U.S. long-term mortgage rates resumed rising this week after falling to their lowest level since mid-September of last year, MarketWatch reports.
The average interest rate on 30-year loans rose to 6.12% per year this week, up from 6.09% a week earlier, data from Freddie Mac, the state mortgage corporation, showed. A year earlier it was 3.69%.
Fifteen-year loans now average 5.25 percent a year, compared with 5.14 percent a week earlier and 2.93 percent a year ago.
“After the Federal Reserve’s interest rate hike and an unexpectedly strong jobs report, mortgage rates rose slightly this week.

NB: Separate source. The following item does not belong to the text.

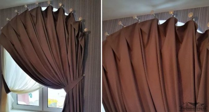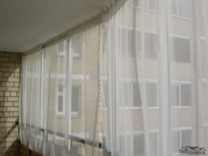 Noter! La ficelle est élastique, sujette à l'affaissement. Il est inacceptable que les rideaux soient poussés vers le centre - la ficelle métallique s'affaissera. Il est préférable de pousser les rideaux sur les bords du balcon, ce sera donc assez esthétique.

The 30-year rate is still hovering around 6 percent, and interested buyers are returning to the market just in time for the spring home-buying season,” notes Freddie Mac chief economist Sam Khater.
Freddie Mac calculates average rates based on data from about 80 institutions that provide mortgages nationwide. The rates do not take into account potential fees and other fees associated with mortgages.
Traditionally, the cost of mortgages with a slight lag repeats the dynamics of U.S. government bond yields, which in turn are responsive to the Federal Reserve’s rate increases and forecasts of its dynamics in the future. The yield on 10-year US Treasuries is around 3.684% p.a. on Friday, up from 3.524% a week earlier.